A UE nunca presenciou uma tentativa de golpe militar considerável em nenhum dos seus membros ou países candidatos. Na Hungria ou em qualquer outro lugar, os desafios contra o nosso conceito de estado de direito são minúsculos em comparação com a intentona golpista que vimos na televisão, com o bombardeamento do parlamento e com uma tentativa de capturar o presidente eleito da Turquia.

A ameaça foi travada, mas à custa de 265 vidas e de 1 100 feridos. Os partidos políticos da Turquia foram rápidos a reunir-se para condenar o golpe. Podemos esperar que esta demonstração única de solidariedade irá colocar a democracia turca numa base mais sólida.

Mas durante a noite do golpe, foi preciso esperar algum tempo para que a UE condenasse o incidente. E não havia nenhum sinal de que os altos representantes da UE tivessem voado até à Turquia para apoiar um país candidato, que enfrentou a ameaça mais grave contra a sua ordem constitucional.

Pelo contrário, os líderes europeus começaram imediatamente a questionar as medidas tomadas pelas autoridades turcas, no sentido de purgar do estado os presumíveis elementos que tinham ligação com o movimento gulenista.

Quando a Turquia perguntou pelo levantamento da Convenção Europeia dos Direitos Humanos, os líderes da UE levantaram-se em desaprovação, esquecendo que a França fez o mesmo depois dos ataques terroristas de novembro, em Paris. Não há dúvida de que a Turquia tem direito a fazê-lo, e de que realmente deve tomar medidas para se proteger a si mesma, contra as forças que tentam destruir a sua ordem constitucional.

A UE estaria hoje numa melhor posição se os líderes da União Europeia tivessem ido de imediato à Turquia para expressar o seu horror devido ao golpe. Não há dúvida de que existe um sério risco de que estas medidas vão mais longe. Espero sinceramente que o Conselho da Europa e o Tribunal Europeu dos Direitos Humanos avalie a situação com muito cuidado, quando as coisas estiverem mais serenas. Até foram detidos os jornalistas que apoiaram com baixa probabilidade o golpe de estado, e isso deveria ser criticado.

A boa notícia é que o secretário geral do Conselho da Europa, Thorbjorn Jagland, visitará esta semana a capital Ancara.

A Europa enfrenta o risco de perder a sua autoridade moral, se não se apresentar envolvida na contestação ao conceito de golpe.

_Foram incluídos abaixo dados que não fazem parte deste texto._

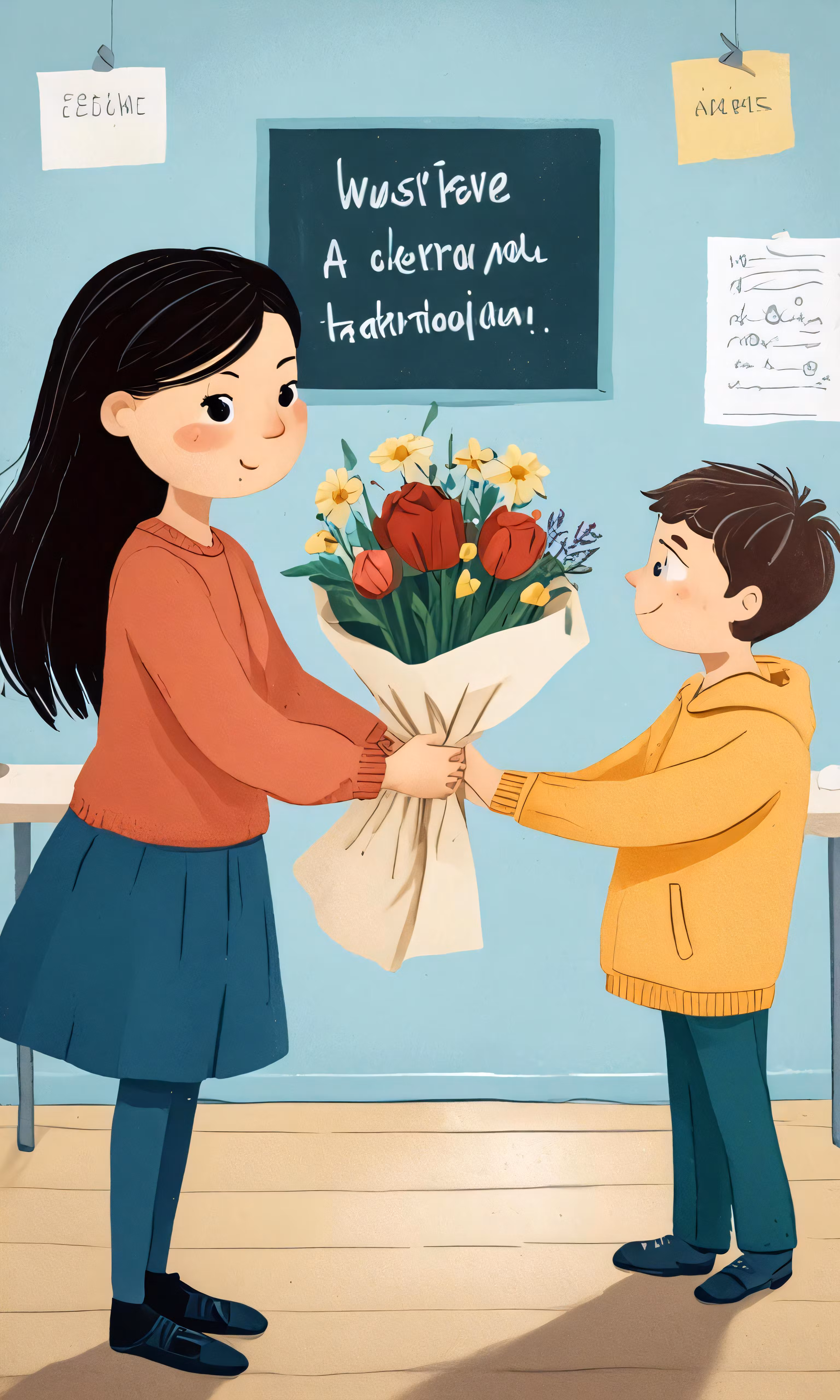 High resolution picture, free to use, a little boy holding flowers next to a little girl
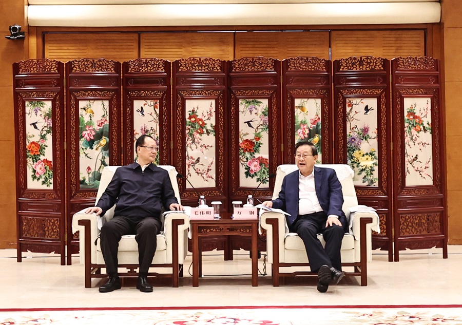 10月10日上午,萬鋼與毛偉明交流。
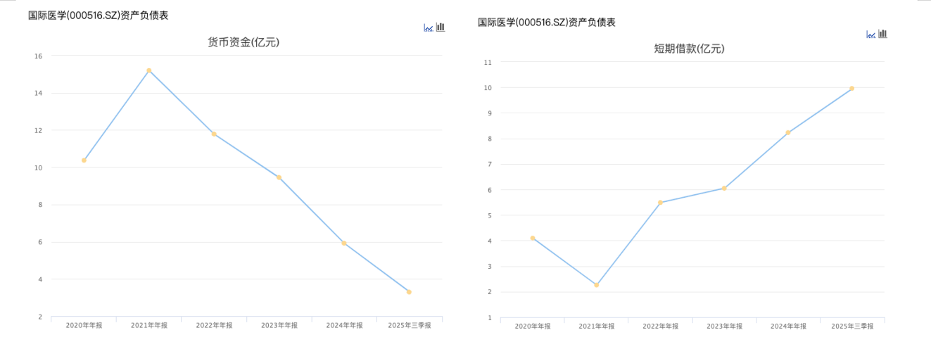 《财中社》注意到,近五年来国际医学的货币资金呈持续下降态势,而短期借款则整体攀升,两者走势形成鲜明对比。截至2025年9月30日,国际医学账面上的货币资金仅剩3.31亿元。然而,债务压力却不容小觑:公司的短期借款高达9.95亿元,加上一年内到期的非流动负债9.05亿元,一年内需要偿还的刚性债务总额接近19亿元。3亿现金对阵19亿短债,资金链的紧绷程度可见一斑。
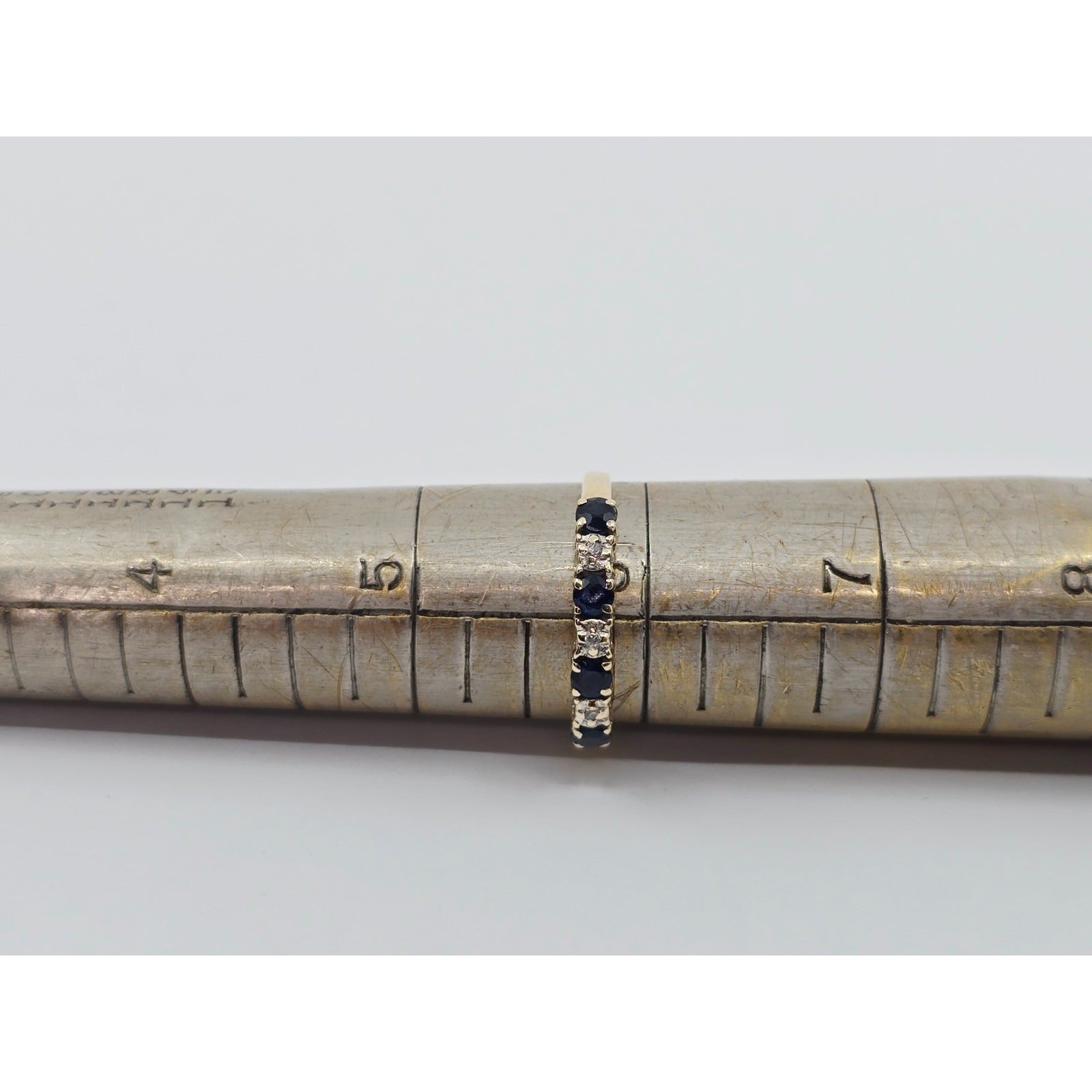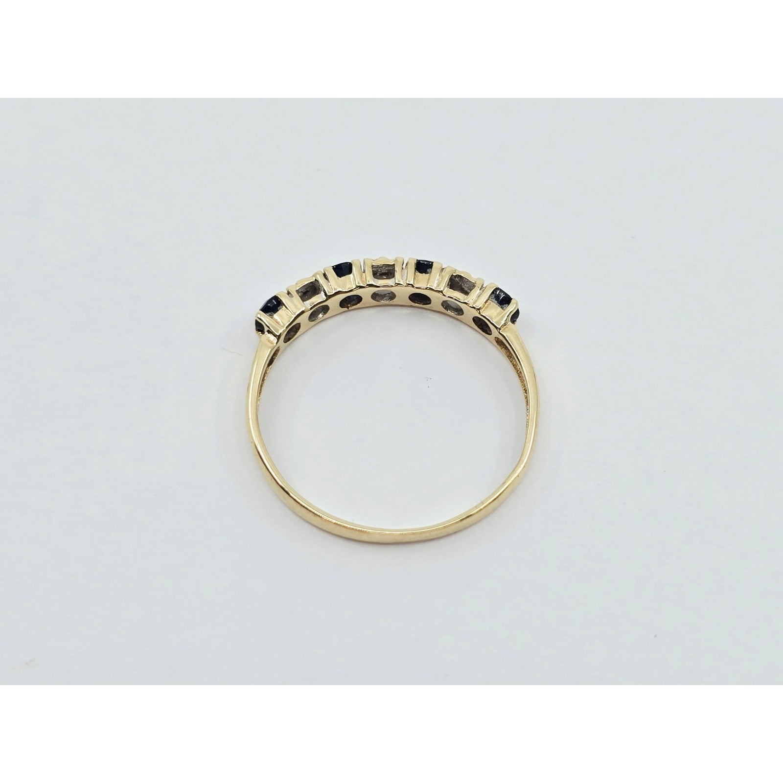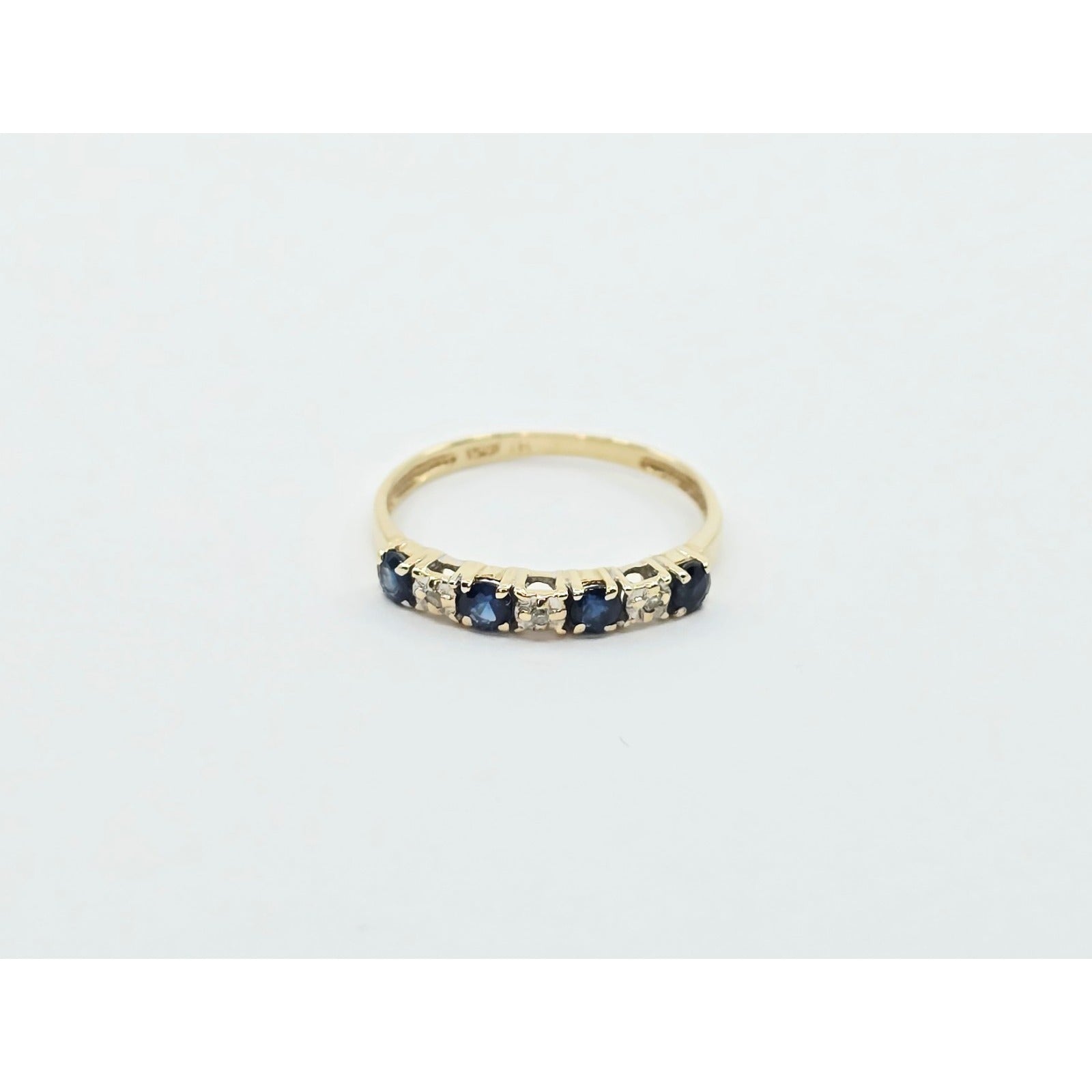 10K Yellow Gold Single Row Sapphire & Diamond Ring
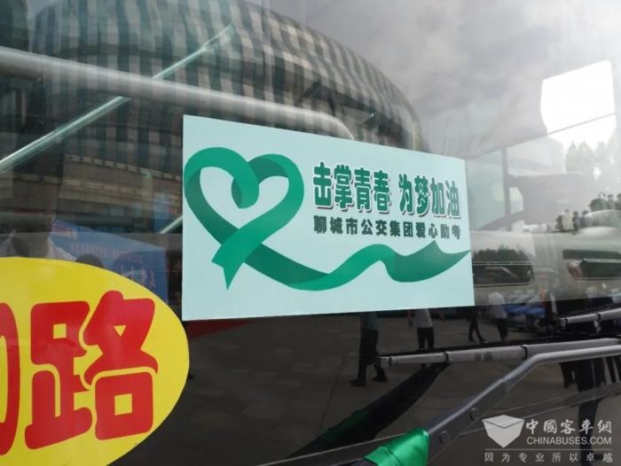 市公交集团所有线路公交车车内LED显示屏滚动播出“聊城市公交集团祝广大考生金榜题名”“高考期间,考生凭准考证免费乘坐公交车”等字样。制作“爱心助考”标识,醒目位置张贴摆放。
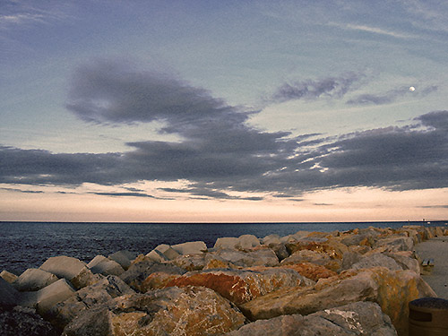 An unserem Strand nehmen wir eine weitere Überdosis Sonne, machen uns einen Kohlrabi-Apfel-Salat und fahren nach dem Kaffee mit den Fahrrädern Richtung Hafen (der Capitain meint es wird morgen wieder gut). Die Promenade ist gut besucht, überhaupt genießen alle Einheimischen die Sonne und springen einem vors Fahrrad (ja, wir sind auf dem Radweg).
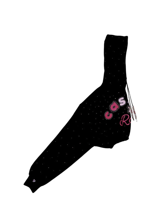 Blue/pink colors graphic full rhinestones - cropped black hoodie
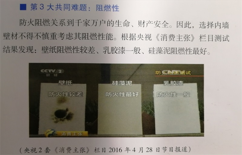 硅藻泥行業(yè)首部代表專家觀點(diǎn)的權(quán)威指導(dǎo)書《墻面健康涂裝藍(lán)皮書(2017)》在闡述墻面材料共同難題時(shí),曾以央視《消費(fèi)主張》欄目做過壁紙、硅藻泥、乳膠漆三大墻面裝飾材料的火燒實(shí)驗(yàn)作舉例,結(jié)果如下圖:
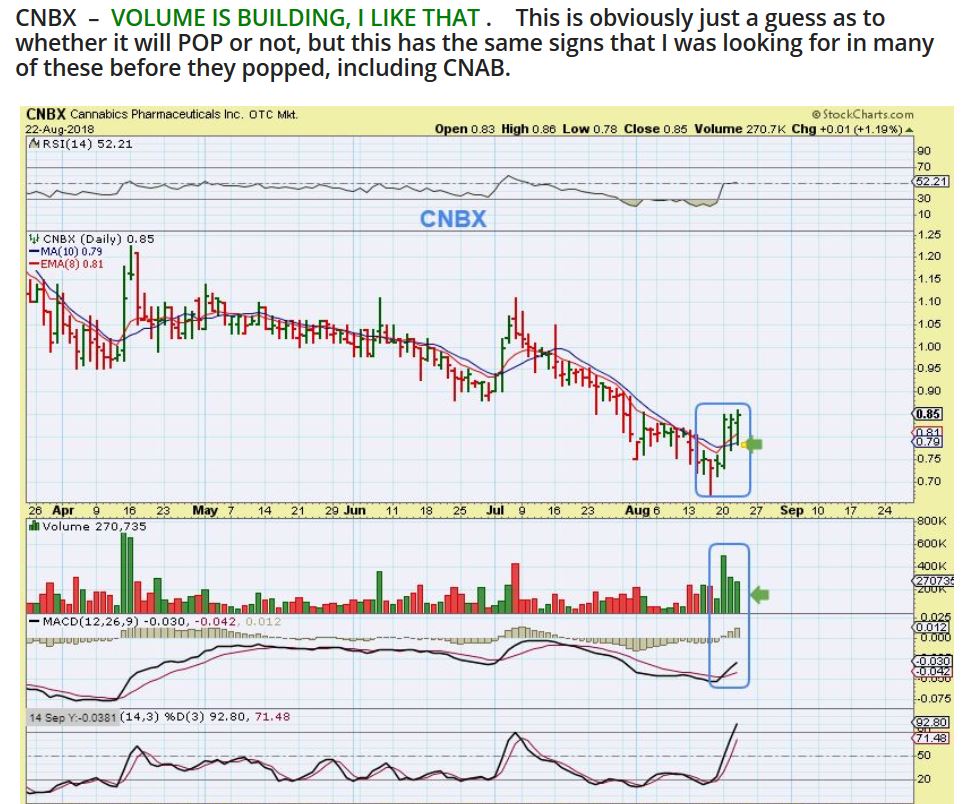 CNBX ( Copy / Paste )FROM YESTERDAYS REPORT- I called CNAB as an MJ stock that would POP, and it was up 40%  Then I said,  “Do you want to know which one is next?  It is CNBX”.
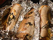 Filet z kurczęcia w papirusie,ziemniaki,szpinak,surówka meksykańska.
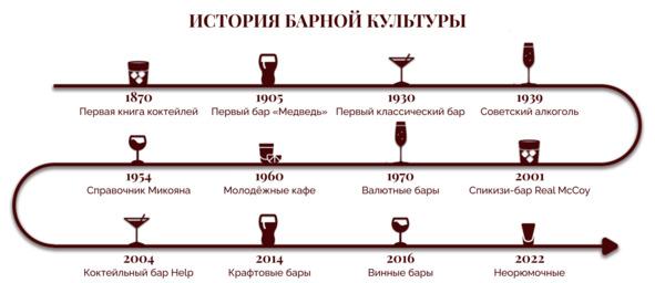 Для того чтобы ты не запутался в ключевых вехах барной культуры, мы подготовили таймлайн основных событий. В этой главе ты узнаешь подробности каждого из них и может быть, какую-то из традиций прошлого решишь воссоздать в собственном баре!
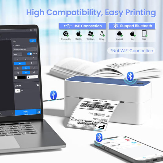 Phomemo Bluetooth Thermal Label Printer for Shipping Label - Wireless Shipping Label Printer Compatible with iOS&Android&PAD&PC, Widely Used for Amazon, Ebay, Shopify, TikTok, Etsy, USPS, FedEx, DHL
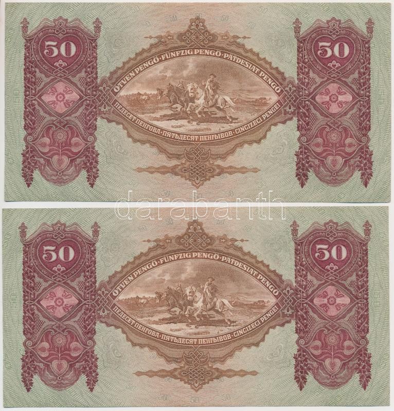 1932. 50P (5x) sorszámkövetők T:I-,II https://www.darabanth.com/hu/267-Gyorsarveres/267.0/Numizmatika/Magyar-bankjegyek~400007/1932-50P-5x-sorszamkovetok-TI-II~II1338965
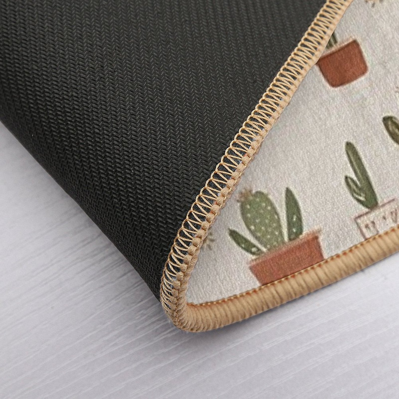 - Non-slip rubber backing grips floors securely, ideal for Cute Cactus Pattern – Terracotta Potted Plant Illustration Mat placements on tiles, wood, or marble.
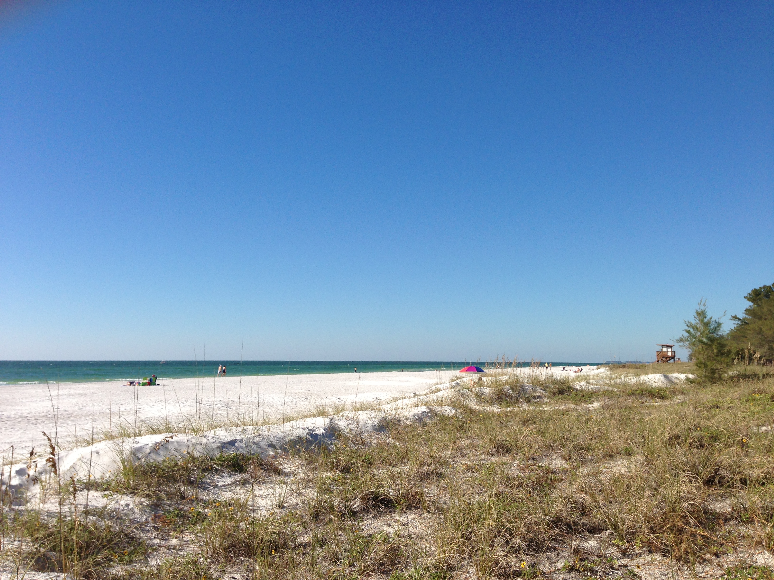 It is the longest stretch of beach on Anna Maria, located on the south end. The best part is the free parking and plenty of it. You will also see lifeguards, concessions, picnic tables, a playground, restrooms and showers!

Sem dúvida, a postura infeliz da Europa face ao golpe de estado no Egito em 2 013, fez com que a sua posição nesta matéria ficasse comprometida.

É significativo que apenas dias depois da intentona golpista, Ibrahim Kalin - o porta voz do presidente Recep Tayyip Erdogan – respondeu às críticas do Ocidente relativamente às medidas anti-golpistas tomadas pelo governo. Kalin disse através da sua conta na rede social que “se o golpe tivesse tido êxito – tal como aconteceu no Egito – vocês tê-lo-iam apoiado. Vocês não conhecem este povo, mas este povo conhece-vos”.

Se os líderes da UE tivessem enviado mensagens de condenação contra o golpe na Turquia pouco depois da intentona golpista, teriam felicitado os turcos por terem repelido o golpe. Teriam falado com o presidente, com o governo, com líderes políticos e com outros, e dito como seria construído um caminho democrático rumo à Europa. A União Europeia estaria hoje numa melhor posição.

Não há garantia de que estes movimentos afastem o país de se arrastar ainda mais profundamente para o autoritarismo. Mas a Europa teria pelo menos mostrado esforço em defender os seus ideais políticos e os seus valores democráticos.

Atualmente, Putin será o primeiro líder a falar com Erdogan depois do golpe. Se este encontro se concretizar, isso será uma vergonha para a Europa.

Carl Bildt é um ex-copresidente do Conselho de Chefes de Estado e de Governo da Europa, e ex-primeiro ministro e ex-ministro dos Negócios Estrangeiros da Suécia.